I would think adaptability to, like solving a new task will be one of the core capabilities for like a real in body. Ai, like solving robotics, because no matter how big the data set is, there will always be new tasks in the world. For example, like Ikea has now a new type of desk. How can the robot learn to assemble it? It will probably need to figure out, like using some new tools or new components, and look at the menu to figure out how to sort of make this new shelf or table. And I think robotics will not just be about like dexterity, like in like atomic way, like small scales, but also how to chain them together in a way that just makes sense, and it's almost like reasoning in the context of more physical Intelligence.

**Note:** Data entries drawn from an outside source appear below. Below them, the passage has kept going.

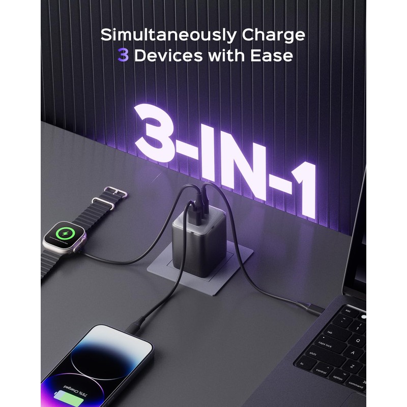 • 100W Hyper-Fast Charging: Connect a single device to get a 100W max chargethat's enough to power up the 14" MacBook Pro (M3 Pro) to 50% in 30 Minutes. And when you connect three devices simultaneously, power will be distributed efficiently between ports to ensure you get the best charge.
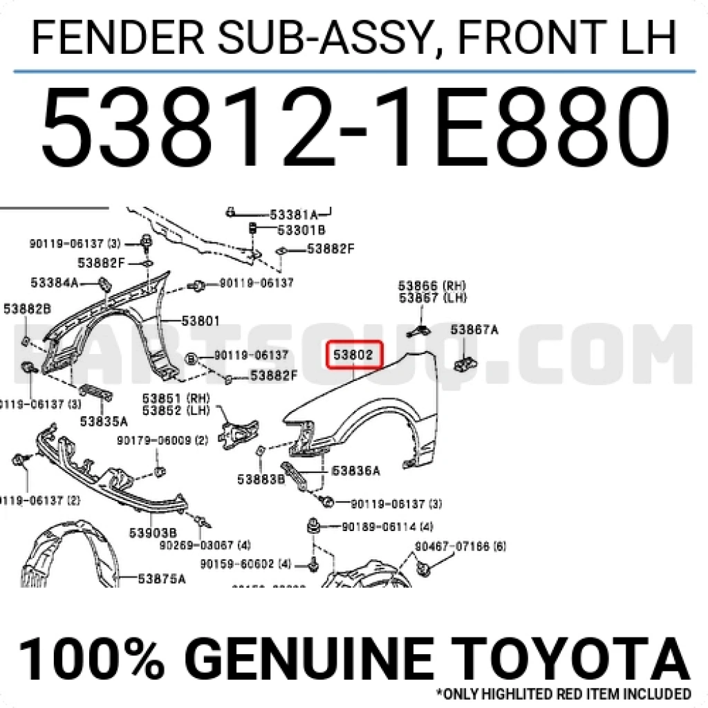 Toyota Corolla Ön Çamurluk Sol 2001 2002- (Oem No: 538121E880)
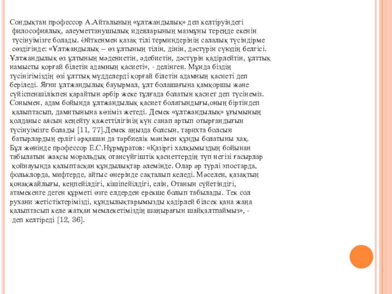 Слайд 8Сондықтан профессор А.Айталының «ұлтжандылық» деп келтіруіндегі
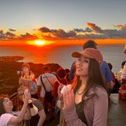 早朝ハイキングは登っている時は辛かったけど、やはり絶景でした。ハワイ旅行の中でも、1番思い出に残っています。朝焼けがとにかく綺麗で感動したんです。意外と山頂付近の道は狭いですが、ハイキング初心者でも登りやすいコースだと思います。私自身、山登りは初めての体験でしたが、最後まで登りきることが出来ました。子どもは厳しいかもしれませんが、大人なら楽しく余裕でクリア出来るはずです。天気も良かったので最高の思い出になりました。
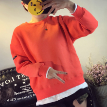 韩国代购2016冬季韩版纯色宽松纯棉加绒套头百搭假两件卫衣女装潮
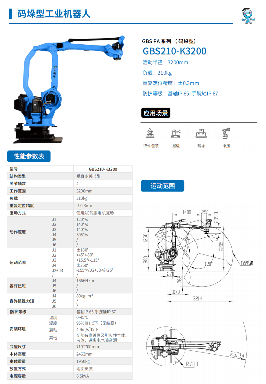 工博士機器人 GBS PA系列(碼垛型)GBS210-K3200 負(fù)載210kg 臂展3200mm |
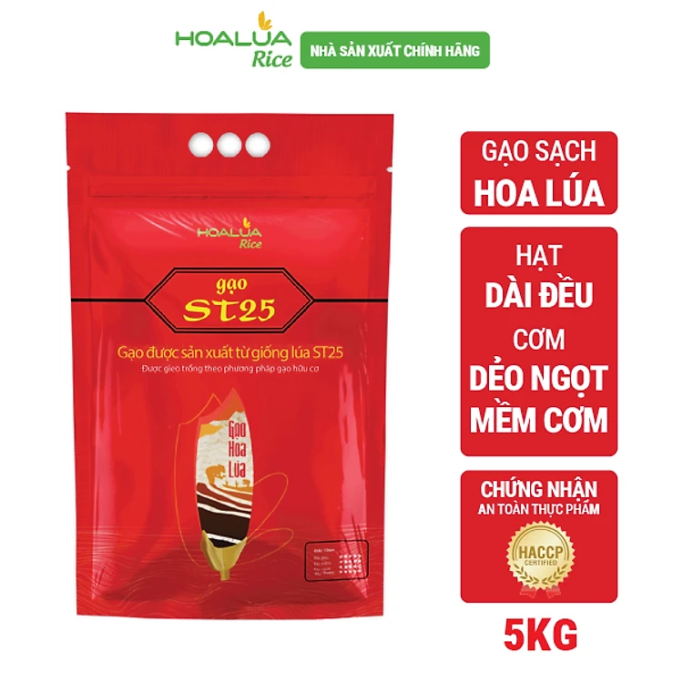 Gạo ST25 Hoa Lúa túi 5kg - Dẻo nhiều, mềm cơm, hương thơm đặc trưng

Great. So for me, I think journalist robots may be three years away. Whatever that means, at least, that's what I tell Jensen, don't hold me accountable. Three years later, if I failed at solving robotics, you might not see me anymore. Yeah. So I do believe in the next three years, we will see some major breakthroughs, right? And as the panelists mentioned here, right, the ability to adapt quickly to new skills, right, to move from specialist robots to more general purpose robots that can solve tasks based on, let's say, natural language instructions. I believe a breakthrough will be within the next three years, if not sooner. And that being said, I don't think robots will just be deployed and then become as many as iPhones anytime soon, because you also have the production issue, right? Anything that touches the hardware is a very complicated supply chain and logistic issue, and also there are a lot of societal and ethical and safety concerns as well, right? Like, are people gonna accept robots into their daily lives? That is a very tough question to answer. Right? When Steve Jobs first unveiled iPhone on stage, we have no idea that one day we'll just have this device in everyone's pocket, right? We have no idea people will accept this new thing. So it's the same thing. We have no idea if people will accept robots, and if they do, what kinds of robots they will accept at which region of the world, right? It's not clear. And for that, I cannot really assign a timeline, but for the research part, I am confident we'll see something major in the next three years. So let's all you know. look forward to that. And with that, thanks to all the panelists for this amazing discussion, and very insightful analysis. And thanks, everyone, for joining us.